Model Overview
Gille/StrangeMerges_34-7B-slerp is a 7 billion parameter language model developed by Gille, created through a specific merging technique known as slerp (spherical linear interpolation). This model combines the characteristics of two distinct base models:
- ContextualAI/Contextual_KTO_Mistral_PairRM
- Gille/StrangeMerges_30-7B-slerp
Merging Configuration
The merge was performed using LazyMergekit, applying the slerp method across all 32 layers of the constituent models. A notable aspect of this merge is the fine-grained control over the interpolation parameters (t):
- Self-attention blocks use a
t value that varies across layers, ranging from 0 to 0.7. - MLP blocks utilize a different
t value range, from 0 to 1, also varying by layer. - A default
t value of 0.5 is applied where specific filters are not defined.
This intricate merging strategy aims to selectively blend the features of the base models, potentially enhancing performance in specific areas by leveraging their individual strengths.

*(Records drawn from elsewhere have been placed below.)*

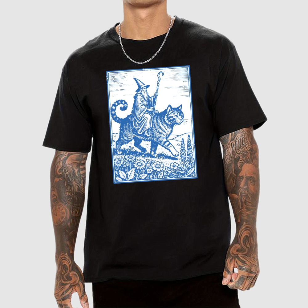Wizard Cat Rider Geek T-Shirt
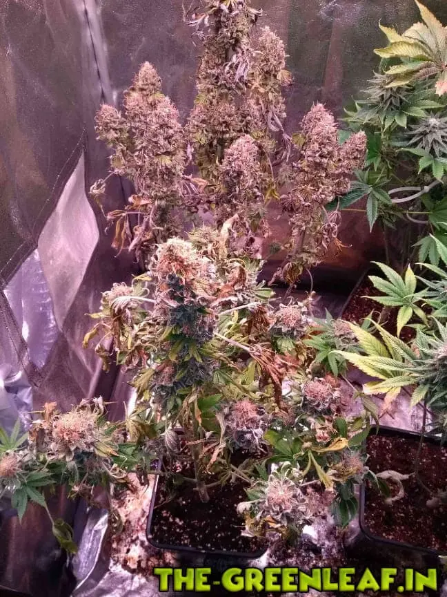 Critical und OB sind fertig und geköpft. Die beiden Flowerbomb Kushs sehen nicht besser oder schlimmer aus als vorher, kriegen noch ein paar Tage. Die beiden CBD-Pflanzis.... Blumat hat versagt, die haben 10 Tage nun kein Wasser bekommen, keine Ahnung warum. Ich traue Blumat nicht so ganz, das letzte Mal hat das prima funktioniert, diesmal gar nicht, obwohl beide 2 Blumaten jeweils zur Sicherheit drin waren. Siehe Bilder. Noch was zu retten? Köpfe sind nicht milchig, die bräuchten noch. Hab eben gelesen, CBD-Pflanzen kann man früher ernten, aber richtig einig ist man sich da wohl nicht. Wenn ich die nun notschlachten muss, kann ich die in den Müll kippen oder hat das schon nen gewissen CBD-Gehalt? 9-12 Blütewochen laut Hersteller, bin in Woche 9. Vordere Pflanze hat noch vereinzelt grüne Blätter, hintere so gut wie alles braun.
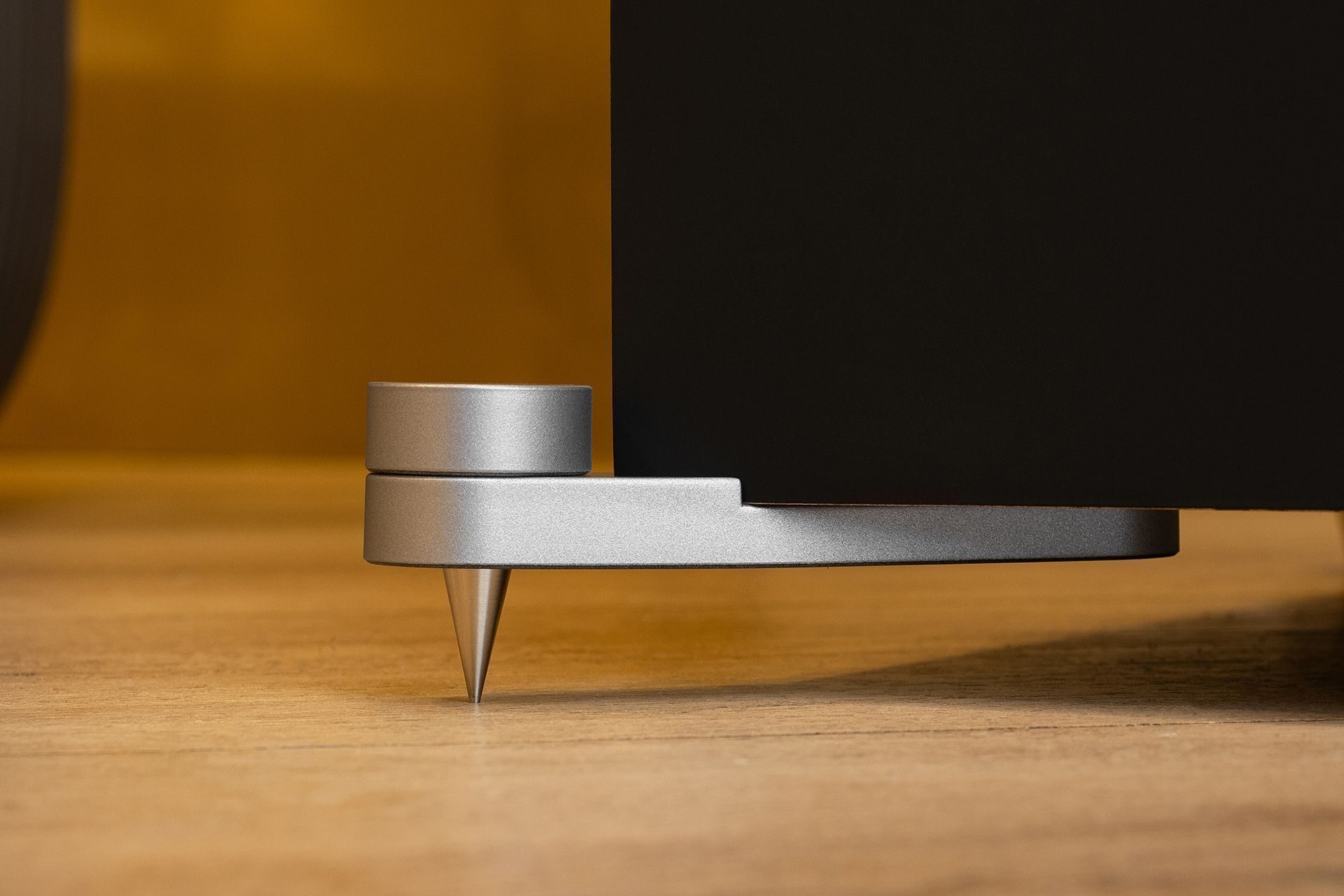 Для минимизации вибраций помимо перегородки, разделяющей корпус, внутри есть еще несколько усиливающих элементов, повышающих общую жесткость конструкции. Для виброразвязки с полом в комплект поставки входят шипы с металлическими подставками. Вынос опор акустики за пределы корпуса — это не столько вопрос эстетики, сколько способ повысить устойчивость достаточно высоких и узких колонок. Хотя, надо признать, смотрится красиво.

The model operates with a bfloat16 data type for efficiency.
Key Capabilities
- General Text Generation: Capable of generating human-like text based on provided prompts.
- Chat Template Support: Designed to work with standard chat templates for conversational AI applications.
- Merged Intelligence: Benefits from the combined knowledge and capabilities of its two parent models, offering a unique blend of their characteristics.